<<<<
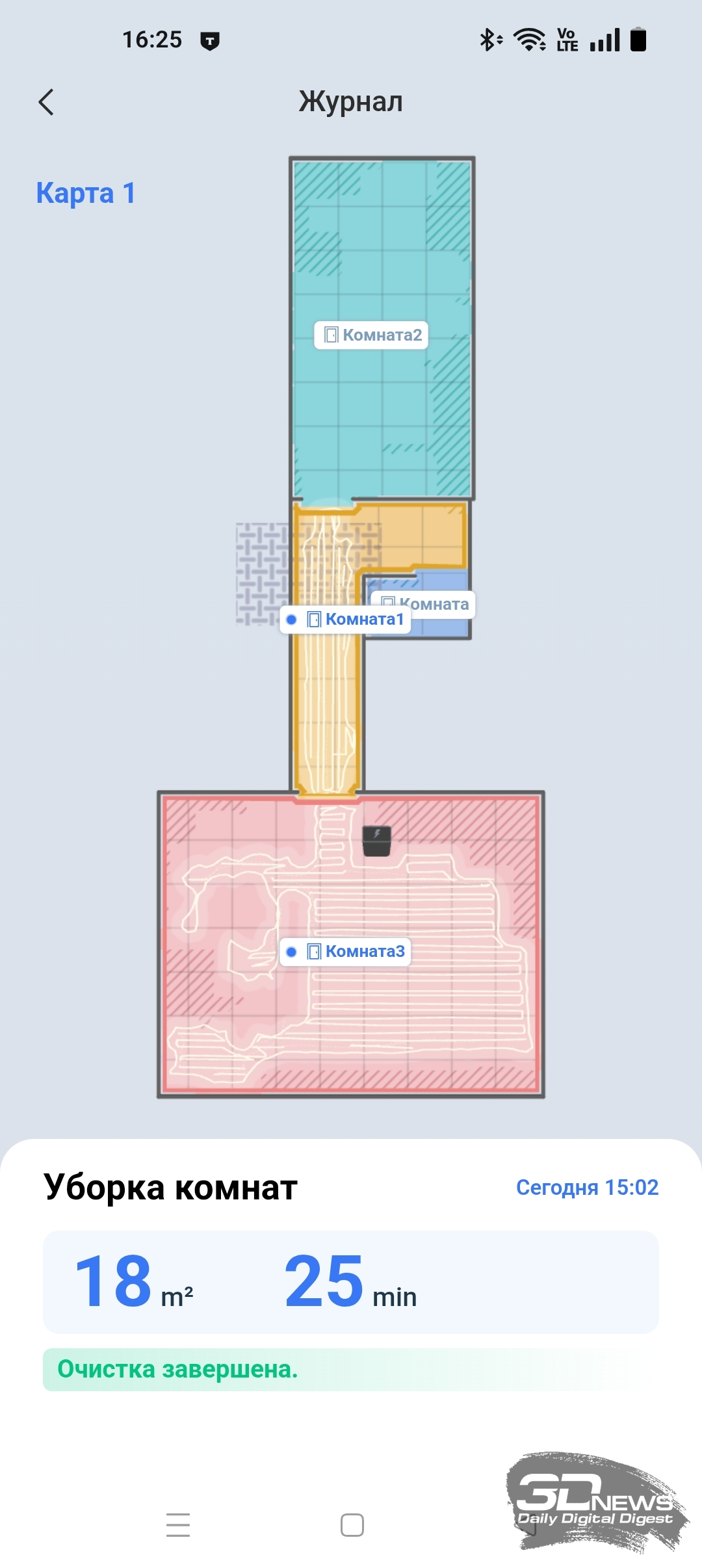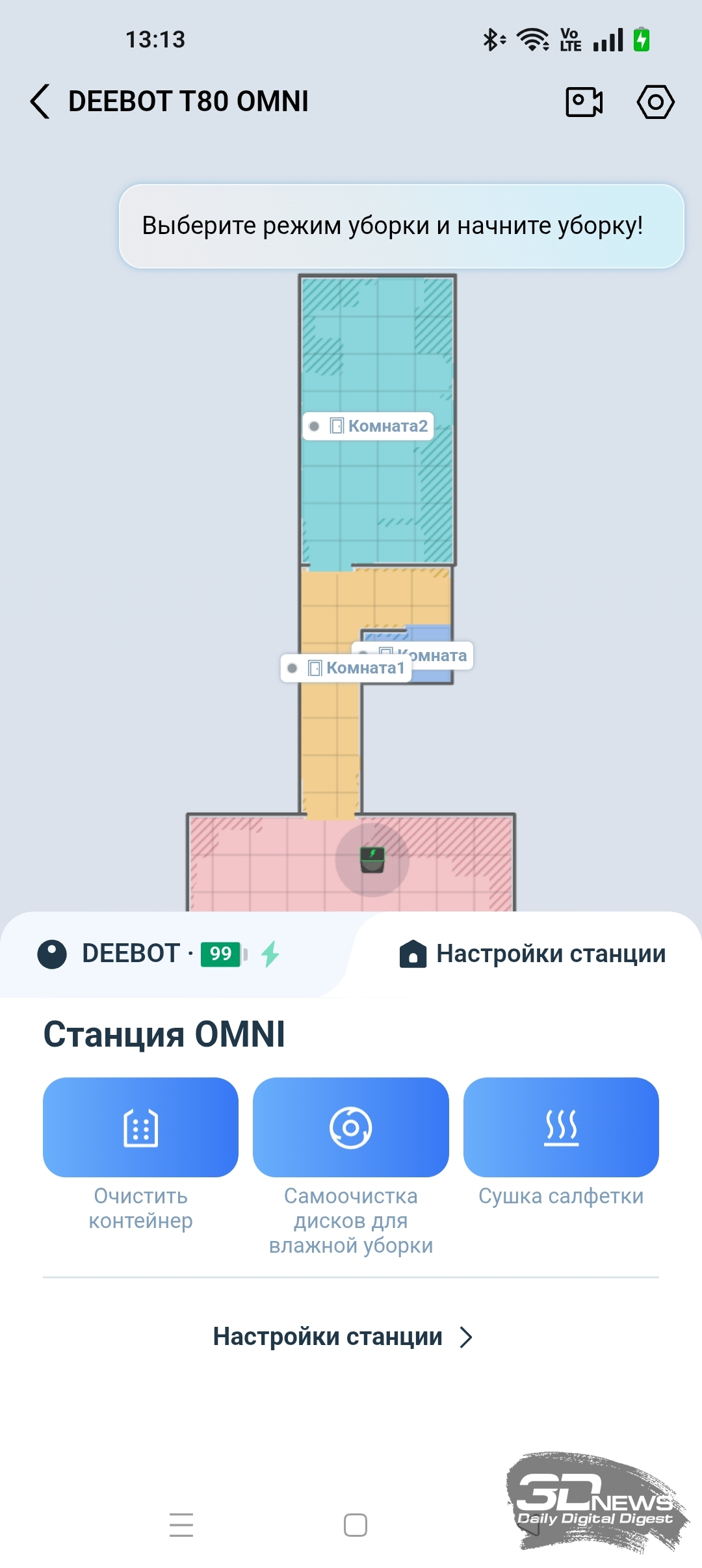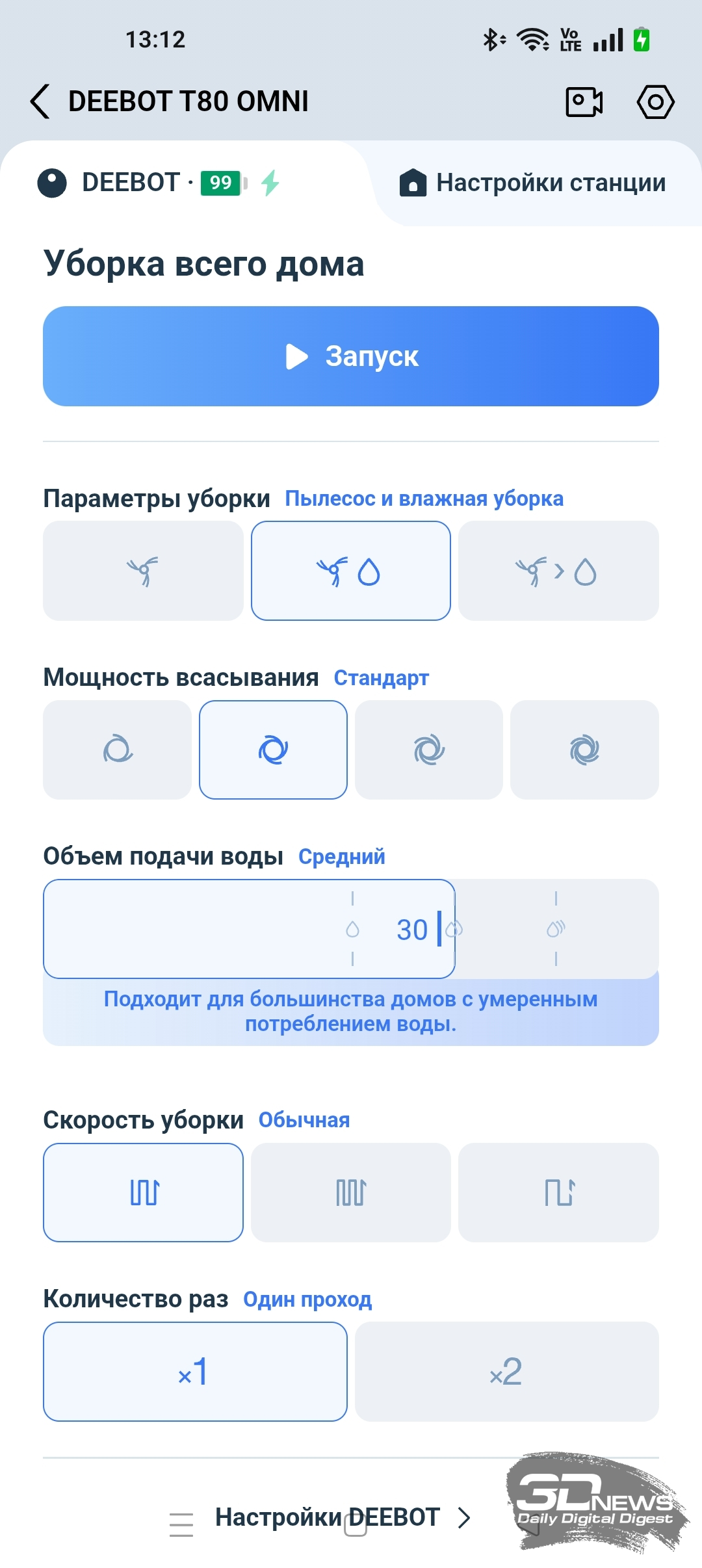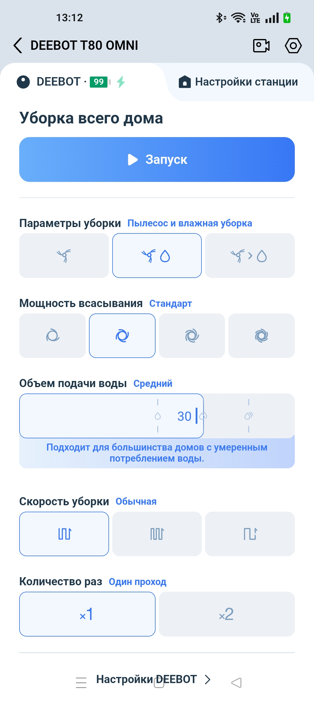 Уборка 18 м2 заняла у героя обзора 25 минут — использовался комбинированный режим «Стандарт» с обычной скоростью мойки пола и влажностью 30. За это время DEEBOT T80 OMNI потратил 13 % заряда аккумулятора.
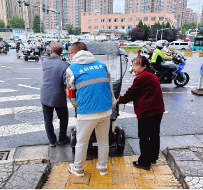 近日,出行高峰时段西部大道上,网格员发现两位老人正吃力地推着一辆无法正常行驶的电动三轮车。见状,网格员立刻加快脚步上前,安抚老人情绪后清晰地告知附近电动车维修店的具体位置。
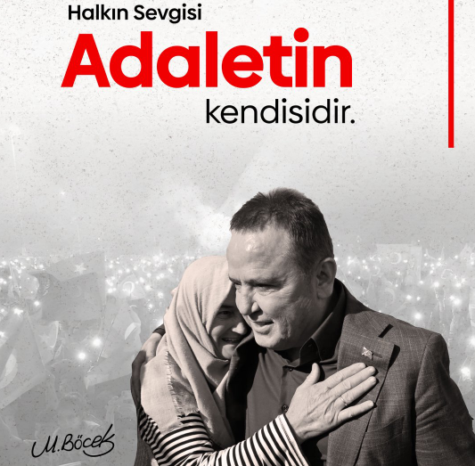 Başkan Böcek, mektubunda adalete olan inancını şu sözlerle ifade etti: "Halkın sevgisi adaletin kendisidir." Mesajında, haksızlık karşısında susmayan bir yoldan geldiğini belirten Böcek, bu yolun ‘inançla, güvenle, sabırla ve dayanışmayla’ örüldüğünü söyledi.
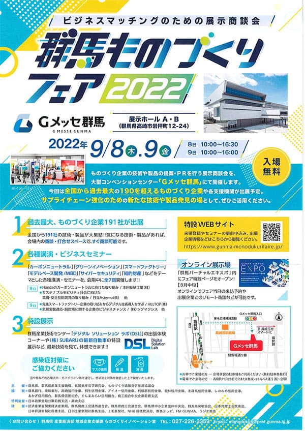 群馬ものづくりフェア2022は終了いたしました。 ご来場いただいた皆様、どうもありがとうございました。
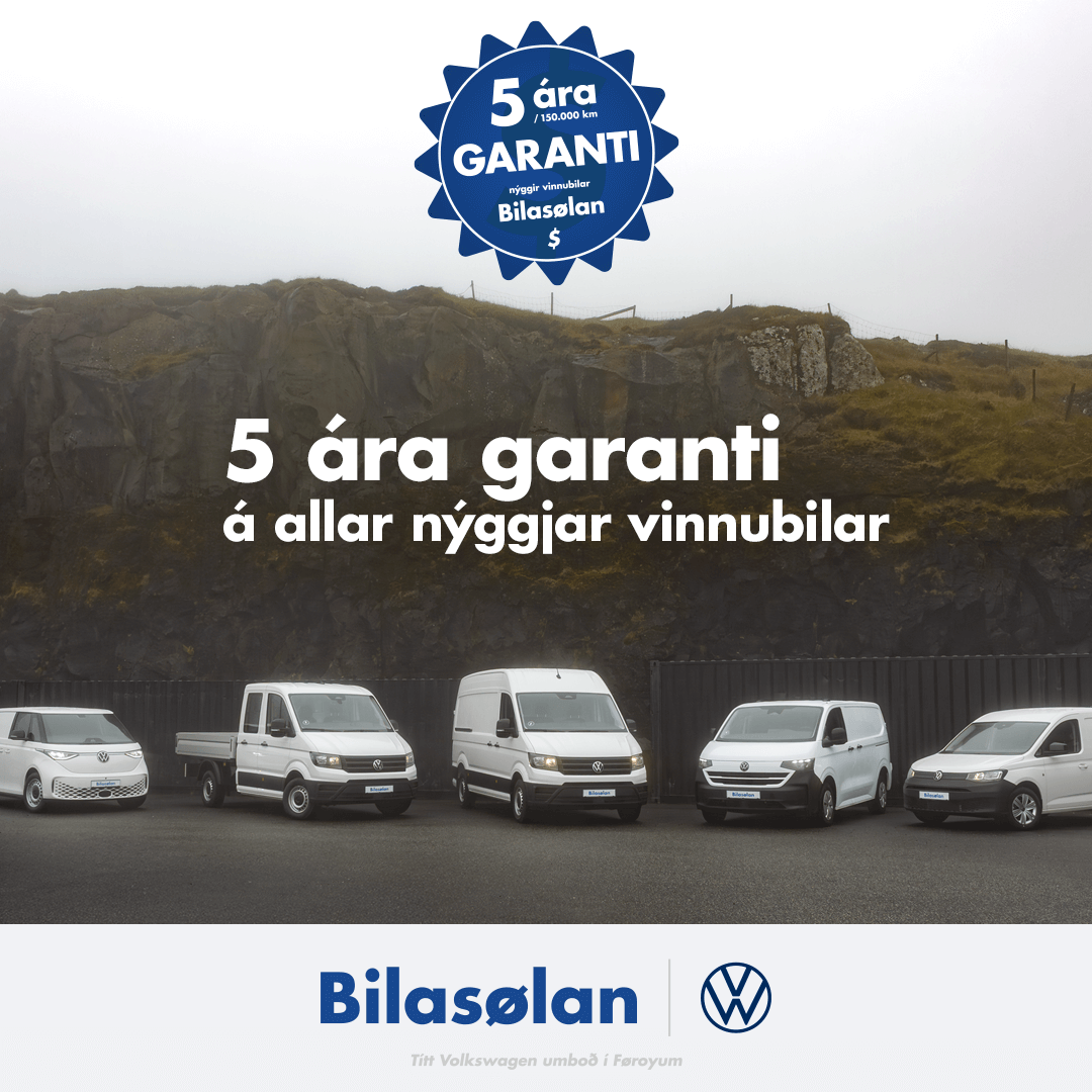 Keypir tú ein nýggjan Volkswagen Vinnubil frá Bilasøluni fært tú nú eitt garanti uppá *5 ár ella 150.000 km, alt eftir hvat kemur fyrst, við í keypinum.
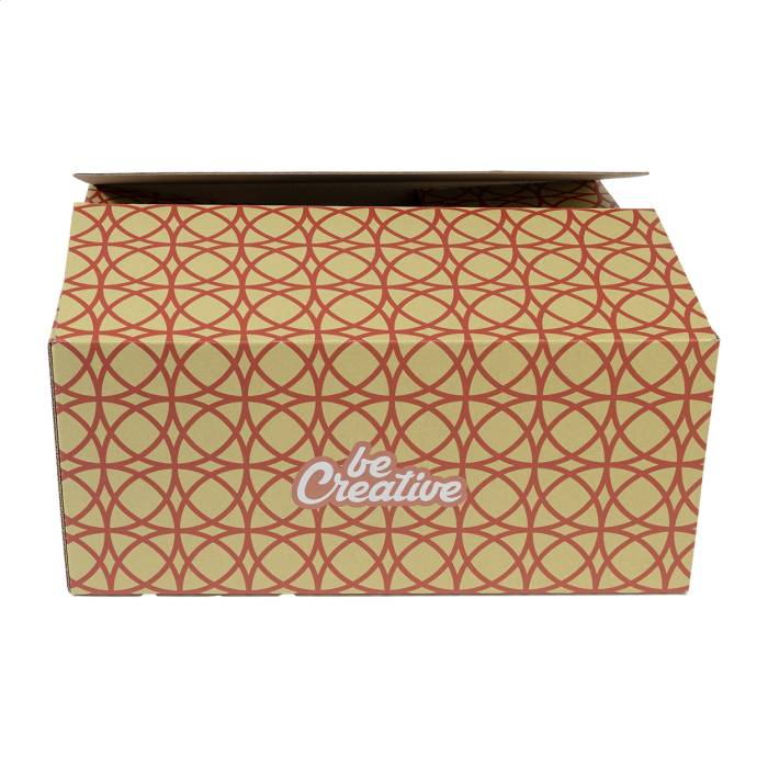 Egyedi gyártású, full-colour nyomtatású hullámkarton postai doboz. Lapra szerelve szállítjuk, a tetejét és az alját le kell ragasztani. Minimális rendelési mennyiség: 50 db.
>>>>
Everything from the first line of the listing above through the line that contains "近日,出行高峰时段西部大道上" is to be restated word for word, minus the pictures.

 Уборка 18 м2 заняла у героя обзора 25 минут — использовался комбинированный режим «Стандарт» с обычной скоростью мойки пола и влажностью 30. За это время DEEBOT T80 OMNI потратил 13 % заряда аккумулятора.
 近日,出行高峰时段西部大道上,网格员发现两位老人正吃力地推着一辆无法正常行驶的电动三轮车。见状,网格员立刻加快脚步上前,安抚老人情绪后清晰地告知附近电动车维修店的具体位置。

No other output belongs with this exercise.